**Data excerpt**
◆ ◆ ◆
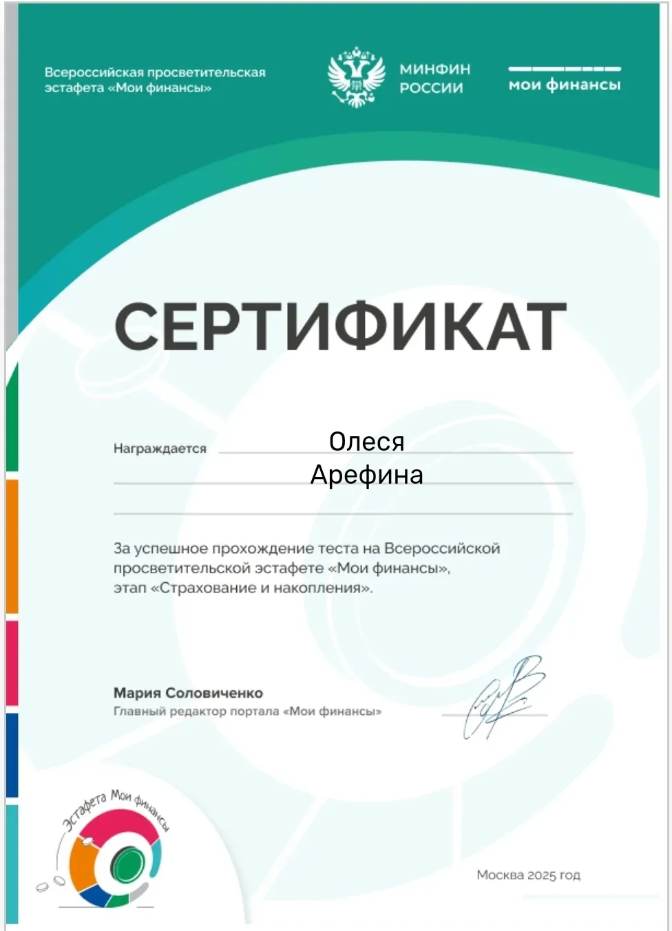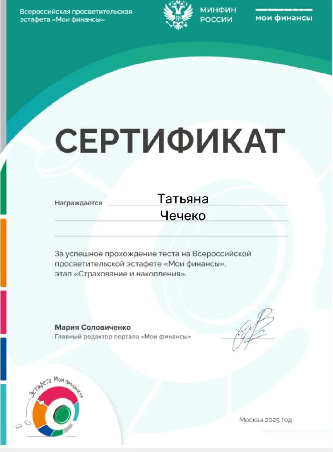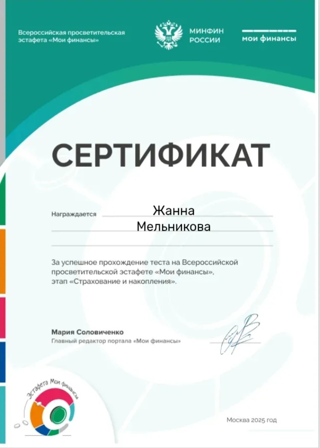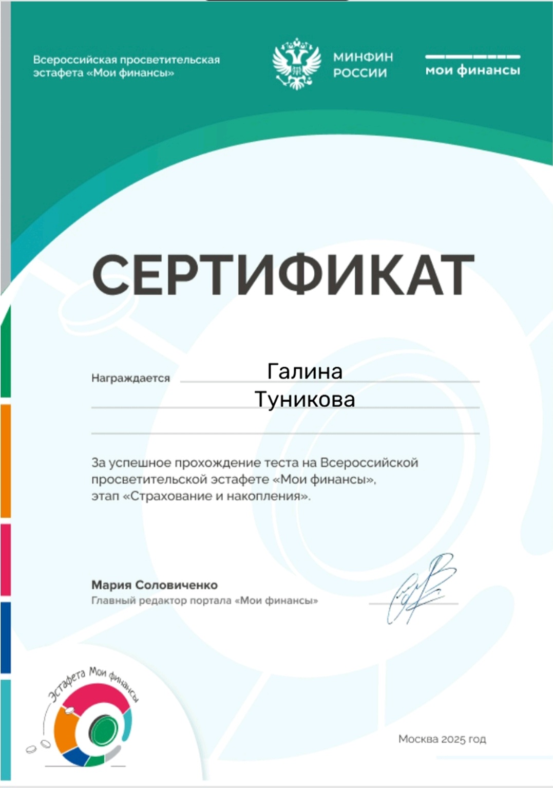 В МБДОУ - детский сад присмотра и оздоровления № 32 "Сказка" прошёл VI этап Всероссийской просветительной эстафеты "МОИ ФИНАНСЫ" — "Думай о будущем: страхование и накопления"
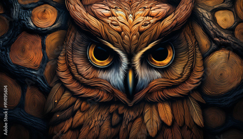 Sowa z drewna, tekstura tapeta, dekoracja generative ai
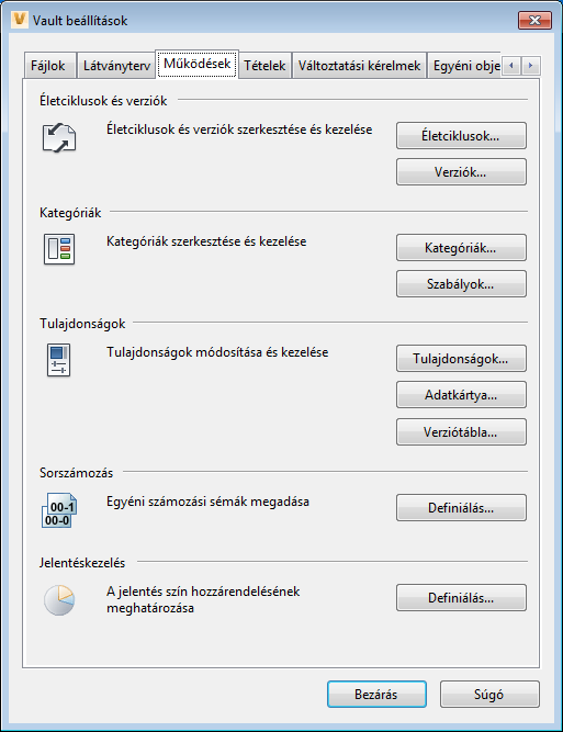 A Viselkedések lap a Vault beállítások párbeszédpanelen tartalmazza az életciklus-definíciók szerkesztéséhez, revíziók kezeléséhez, kategóriák és szabályok felügyeletéhez, tulajdonságok létrehozásához és módosításához, egyéni számozási sémák módosításához és a jelentések színeinek beállításához szükséges opciókat.
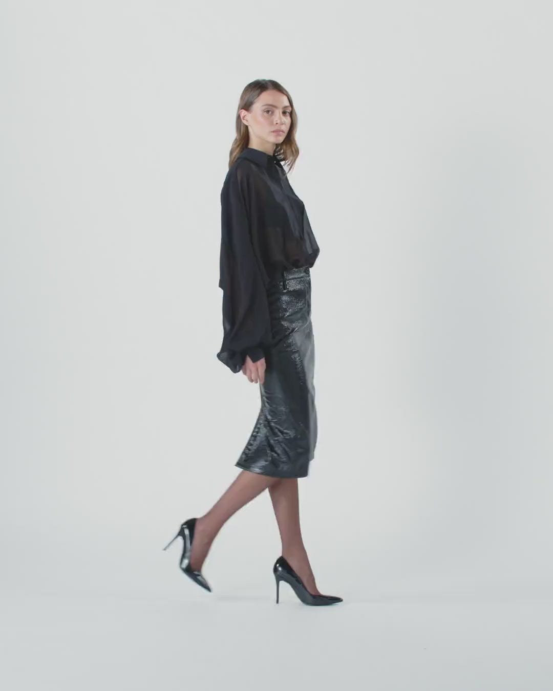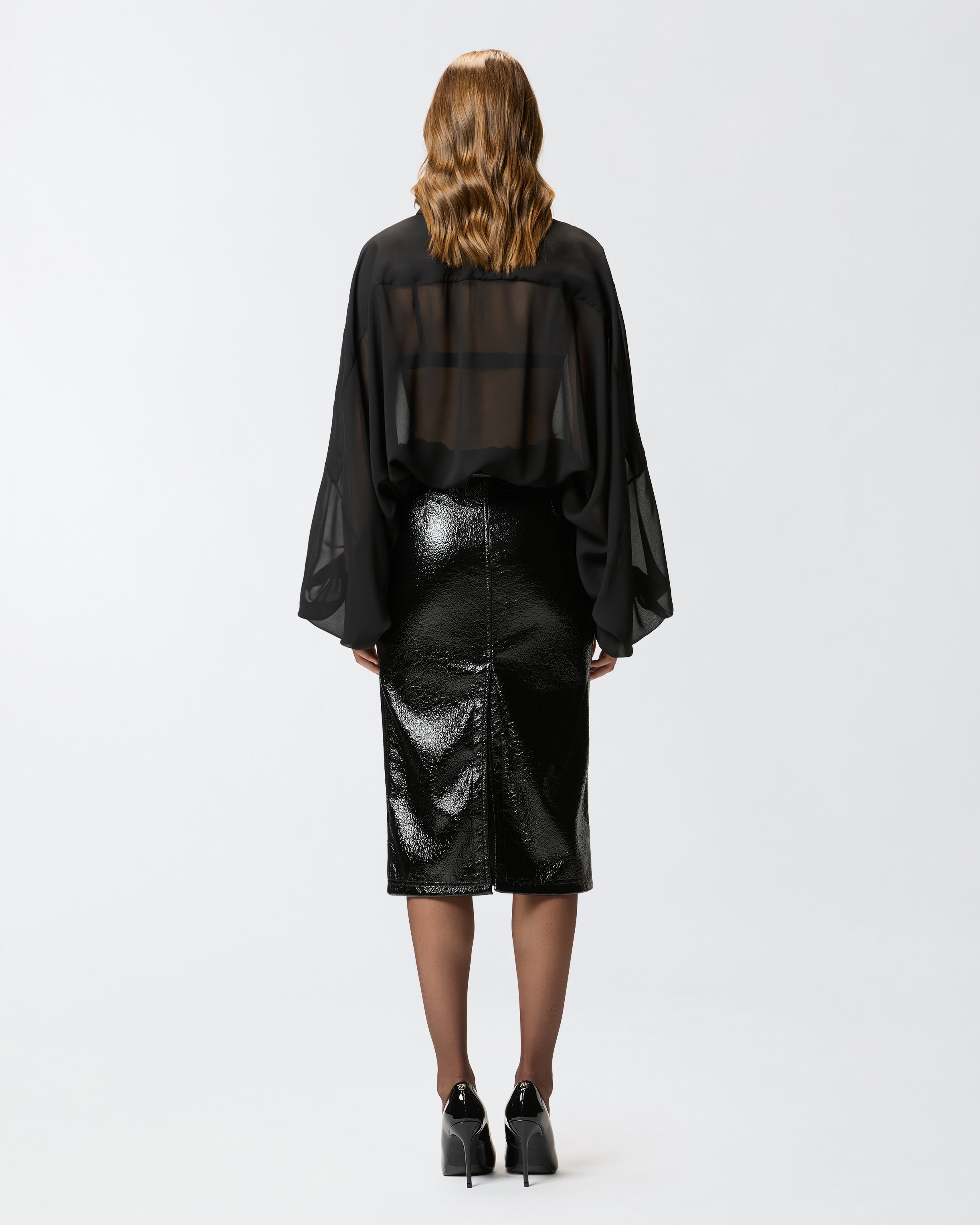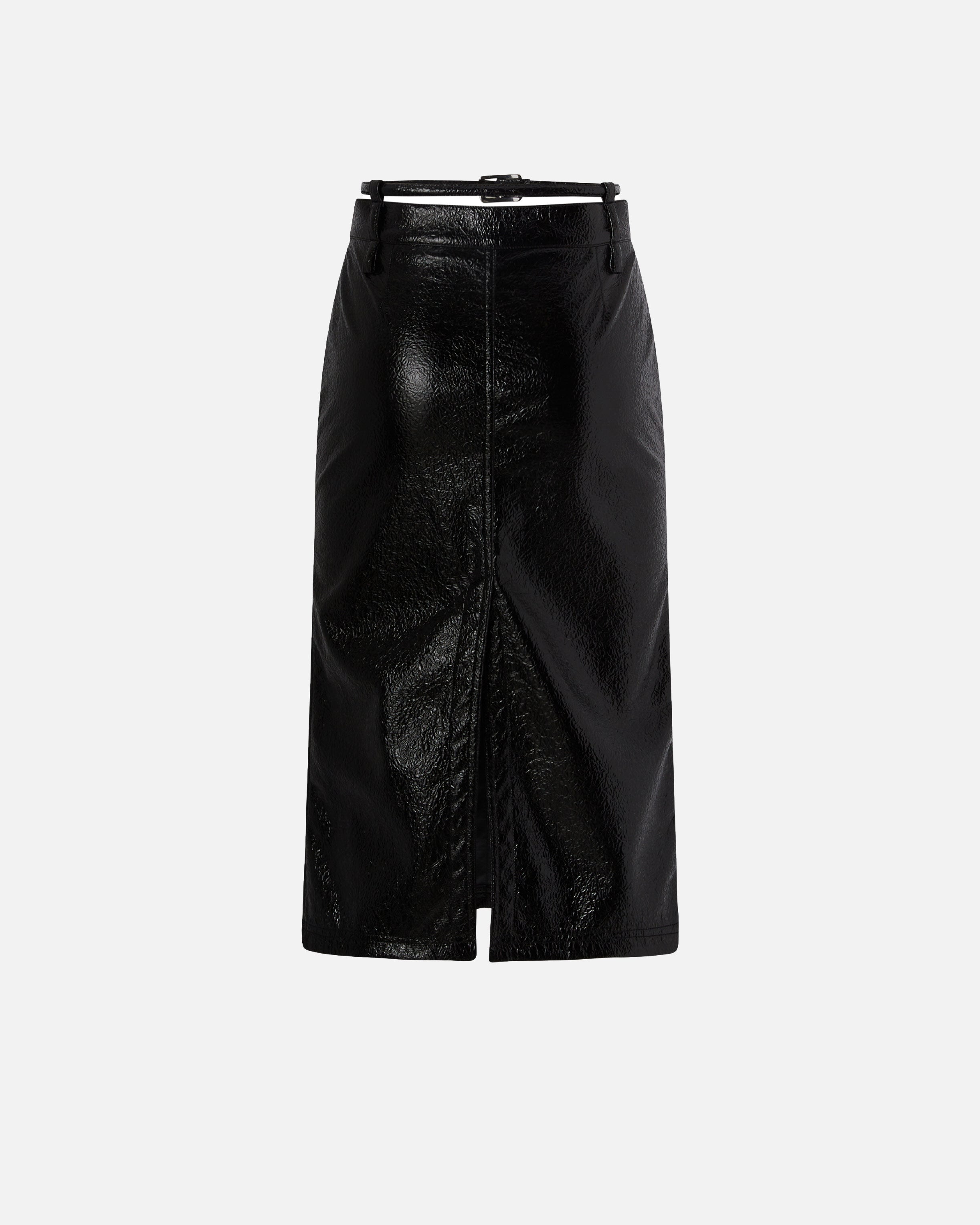 Straight-cut calf-length skirt with rear slit, made from comfortable jersey with a warm feel and patent leather-effect coating. The most interesting part of this piece, complete with practical button and zip fastening at the front, are the ring loops at the waist that allow you to wear a removable skinny belt directly on the skin. Express your femininity in a bold, original way by wearing this garment as part of a biker-style evening look.
◆ ◆ ◆
**What the task asks**
Without the pictures, please reproduce each line of the listing above exactly, from the first one through the line bearing "Sowa z drewna, tekstura".

**Solution to the exercise**
 В МБДОУ - детский сад присмотра и оздоровления № 32 "Сказка" прошёл VI этап Всероссийской просветительной эстафеты "МОИ ФИНАНСЫ" — "Думай о будущем: страхование и накопления"
 Sowa z drewna, tekstura tapeta, dekoracja generative ai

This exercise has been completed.